The rejection under 35 U.S.C. 101 has been maintained.
Applicant specifically argues that the claims integrate any alleged abstract idea into a practical application, and are therefore not directed to an abstract idea and that the claims recite significantly more than the alleged abstract idea.
In response, Examiner respectfully disagrees. The claims do not integrate the abstract idea into a practical application, and do not include additional elements that provide an inventive concept (are sufficient to amount to significantly more than the abstract idea). (Digitech Image Tech., LLC v. Electronics for Imaging, Inc. (Fed. Cir. 2014)). This judicial exception is not integrated into a practical application. In particular, the claim only recites additional elements of the one or more processors; and one or more memories storing processor-executable instructions that, when executed by the one or more processors, cause the one or more processors to perform operations, one or more processors of an intermediary computing system, one or more non-transitory computer readable media storing processor-executable instructions that, when executed by one or more processors, cause the one or more processors to perform operations, electronic data, and machine learning, a trained machine learning classification model; artificial intelligence model, and transmitting to a payor computing system remote from the intermediary computing system. The elements in each of these independent claims are recited at a high-level of generality (i.e., the one or more processors; and one or more memories storing processor-executable instructions that, when executed by the one or more processors, cause the one or more processors to perform operations, one or more processors of an intermediary computing system, one or more non-transitory computer readable media storing processor-executable instructions that, when executed by one or more processors, cause the one or more processors to perform operations, electronic data, and machine learning, a trained machine learning classification model; artificial intelligence model, and transmitting to a payor computing system remote from the intermediary computing system), such that the claims are directed to utilizing general purpose computer components (Application Specification [0028], [0029], [0054]). As such, the limitations amount to no more than adding the words “apply it” (or an equivalent) with the judicial exception, or mere instructions to implement an abstract idea on a computer, or merely uses a computer as a tool to perform an abstract idea. See MPEP 2106.05(f).

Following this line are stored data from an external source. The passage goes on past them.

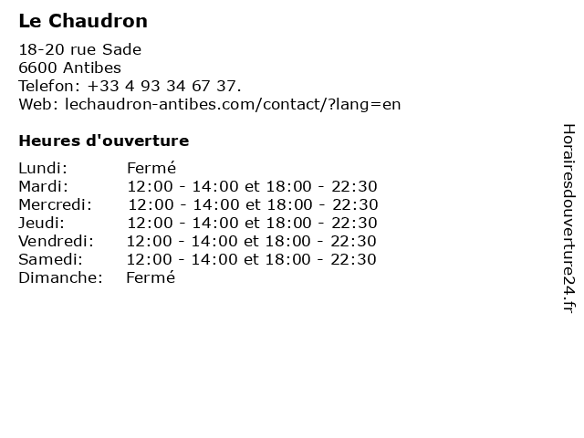 Jeudi | 12:00-14:00 et 18:00-22:30 |
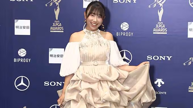 この日は普段のゴルフウェアではなく、様々な衣装で登場したプロたち、BEST PLAY2025を獲得、アイドルが大好きな菅沼菜々(25、あいおいニッセイ同和損害保険)はアイドル風のドレスで今季2勝をマークした神谷そら(22、郵船ロジスティクス)と写真撮影に臨み、神谷は「私、アイドルじゃない」と笑ったが報道陣から「きょうから転向」と言われると、「絶対にお断りします(笑)」と言い切っていた。
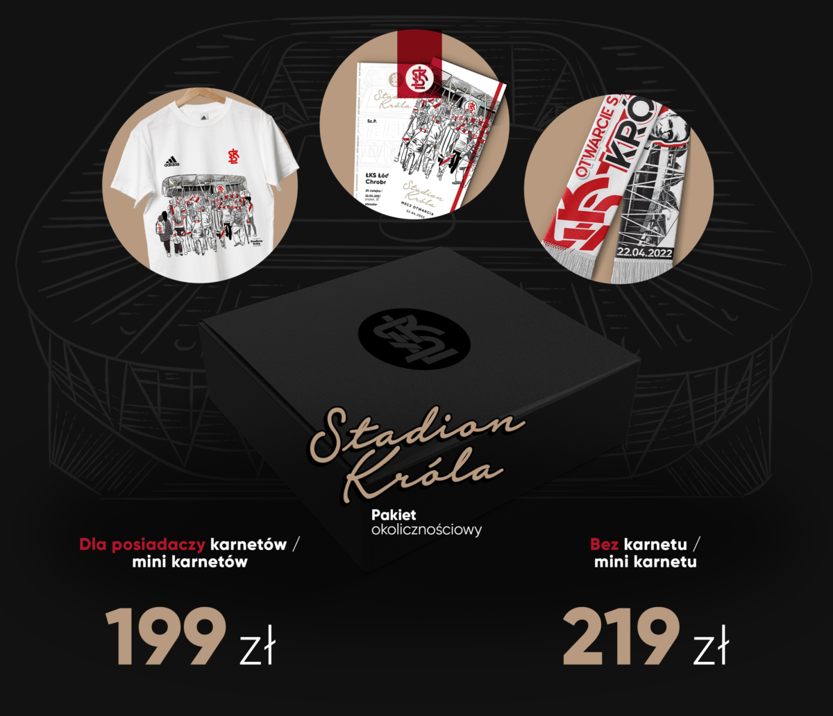 W okolicznościowym pakiecie dla kibiców znajdziecie wydane z okazji otwarcia stadionu Króla i wykonane z doskonałych materiałów – specjalną koszulkę, szalik, pamiątkowy bilet oraz dedykowany list od klubu z podziękowaniem za zakup, a wszystko to w eleganckim pudełku. Ta wyjątkowa pamiątka trafi do sprzedaży już we wtorek 19 kwietnia od godz. 15 i znajdziecie ją w kasach os strony al. Unii.
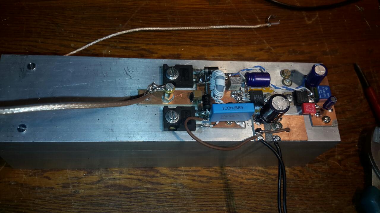 Eindtrap geeft nu bijna 400 Watt carrier... Zonder externe koeling !!

As a result, there are no meaningful limitations in the claim that transform the exception into a patent eligible application such that the claim amounts to significantly more than the exception itself, and the claims are properly rejected under 35 U.S.C. 101 as being directed to non-statutory subject matter. Thus, the claims do not recite additional limitations that integrate the exception into a Practical Application.
The problem the present invention faces, is the abstract idea of obtaining preauthorization for recommended medical procedures and generating claims faster, efficiently and effectively, not an improvement to computer technology. The present invention makes the preauthorization and claim generation (the abstract idea) faster and more efficient, not the computer. This is not a technical solution to a technical problem. It is further respectfully submitted that the present Specification lists a plurality of ML models ([0054]), not as ones invented or improved by Applicant, but as ones available at the time the invention was filed, with which to apply the abstract idea. Further, paragraphs [0028] and [0029] of the Specification make clear that these processes where previously done manually. The inclusion of the additional elements, beyond the manual processes, recited at a high level, simply help to automate a process that was previously done manually, but not as evidence that such additional elements were improved. Finally, please see MPEP 2106.05(a) “Improvements to the Functioning of a Computer or To Any Other Technology or Technical Field” section I. IMPROVEMENTS TO COMPUTER FUNCTIONALITY, which provides examples that the courts have indicated may not be sufficient to show an improvement in computer-functionality: “iii. Mere automation of manual processes, such as using a generic computer to process an application for financing a purchase, Credit Acceptance Corp. v. Westlake Services, 859 F.3d 1044, 1055, 123 USPQ2d 1100, 1108-09 (Fed. Cir. 2017)”.
Accordingly, it does not amount to significantly more, and the application of the abstract idea is therefore not eligible.
In response Applicant's arguments with respect to the 35 USC § 103, the 35 U.S.C. 103 rejections of claims 1-2, 6-11, 15-26 rejected under as being unpatentable over US Patent 10446266 – Daniel et al. hereinafter as DANIEL in view of US PG Pubs 20170329910 – Selwanes et al. hereinafter as SELWANES in further view of US 20220012815 A1 -Kearney et al. hereinafter KEARNEY is hereby withdrawn pursuant to the amendments filed on July 10, 2025.
CONCLUSION
The prior art made of record and not relied upon is considered pertinent to applicant's disclosure.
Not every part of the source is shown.